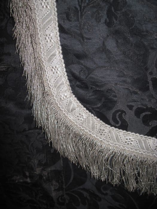Damas de soie noir en partie réemployé et reteint, galon système argent.
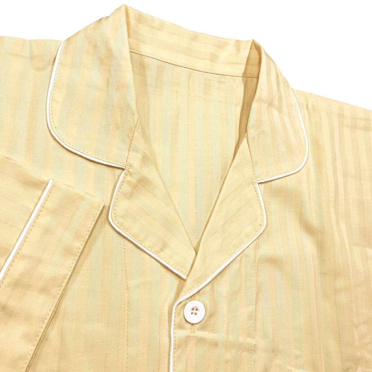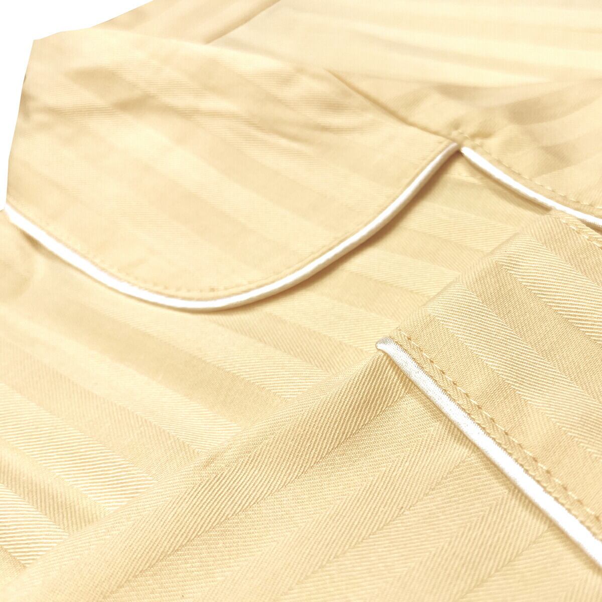 パジャマ業務用【40着入】ポリ65% 綿35% 大人用フリーサイズ サテンストライプ織り 前ボタン開きパジャマ上下セット ライトベージュ系 三露産業 病衣 部屋着 ホテル 旅館 民宿 民泊/362019470
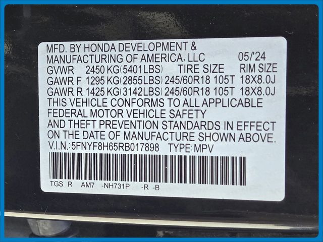 - VIN : 5FNYF8H65RB017898
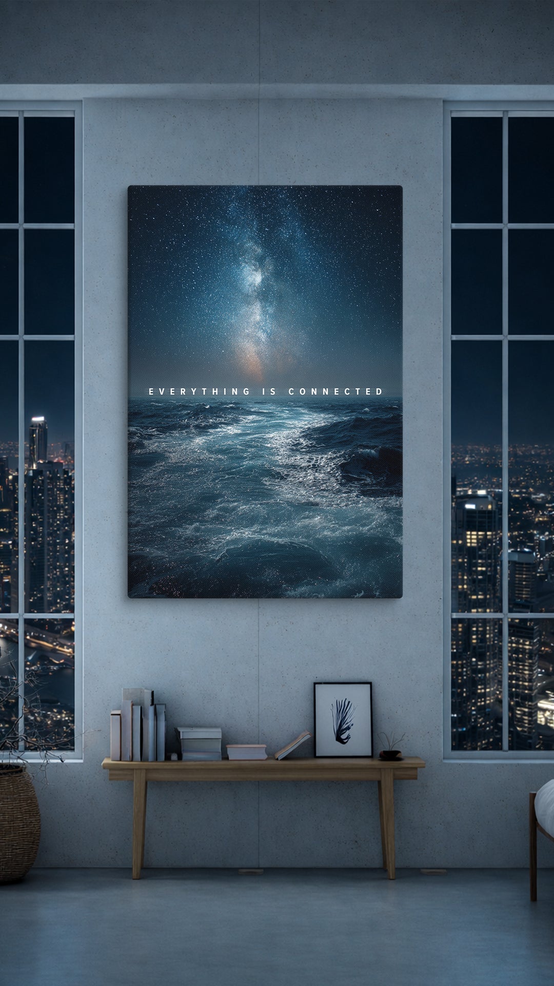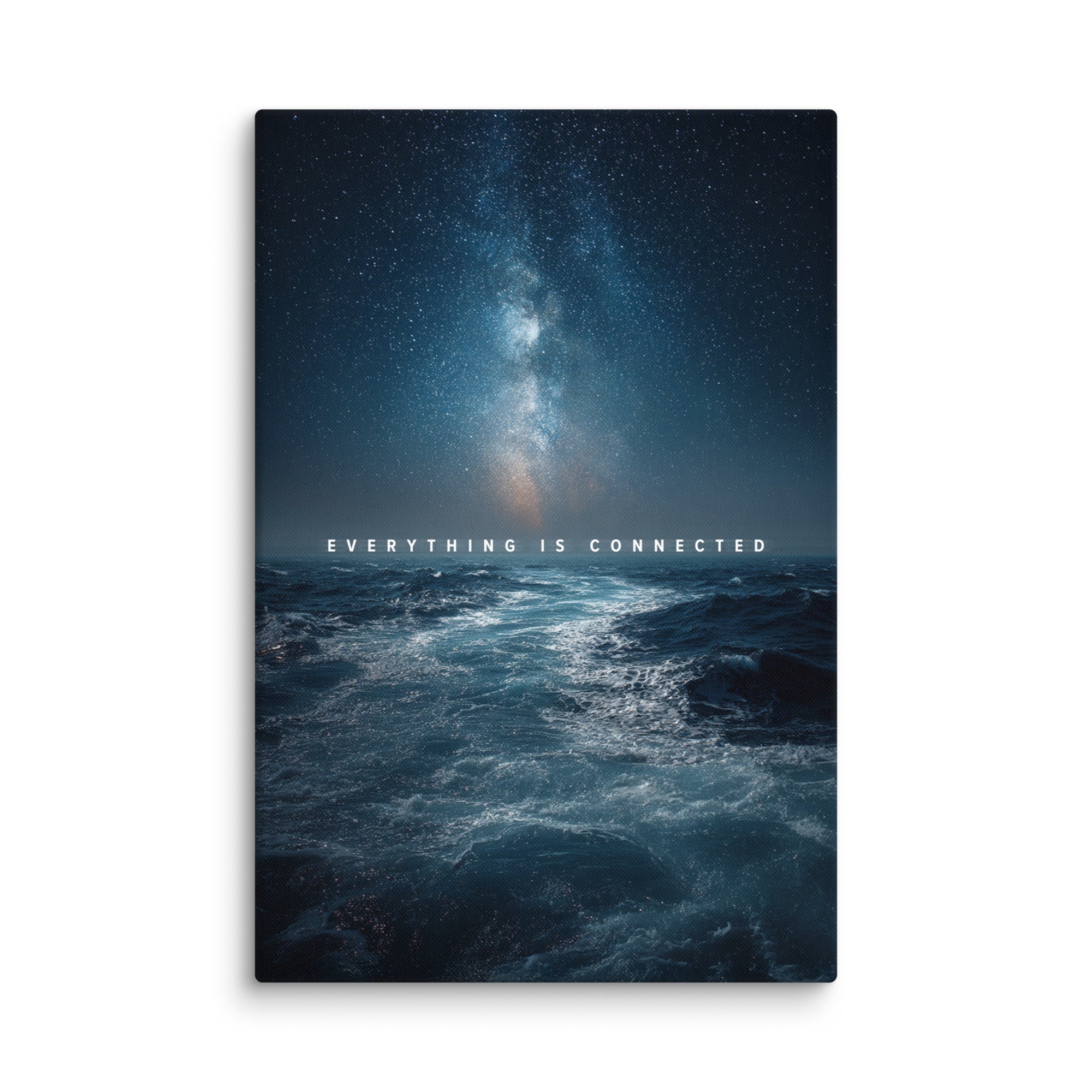 This canvas captures the quiet power of connection, where the vast night sky meets the restless ocean, and every movement feels part of something larger. “Everything Is Connected” is a visual reminder that no moment, decision, or path exists in isolation. The stars above and the waves below echo the same truth: nothing stands alone.

Task item:
Take the whole listing above and copy it exactly. Pictures do not go into the copy.

Answer space:
Damas de soie noir en partie réemployé et reteint, galon système argent.
 パジャマ業務用【40着入】ポリ65% 綿35% 大人用フリーサイズ サテンストライプ織り 前ボタン開きパジャマ上下セット ライトベージュ系 三露産業 病衣 部屋着 ホテル 旅館 民宿 民泊/362019470
 - VIN : 5FNYF8H65RB017898
 This canvas captures the quiet power of connection, where the vast night sky meets the restless ocean, and every movement feels part of something larger. “Everything Is Connected” is a visual reminder that no moment, decision, or path exists in isolation. The stars above and the waves below echo the same truth: nothing stands alone.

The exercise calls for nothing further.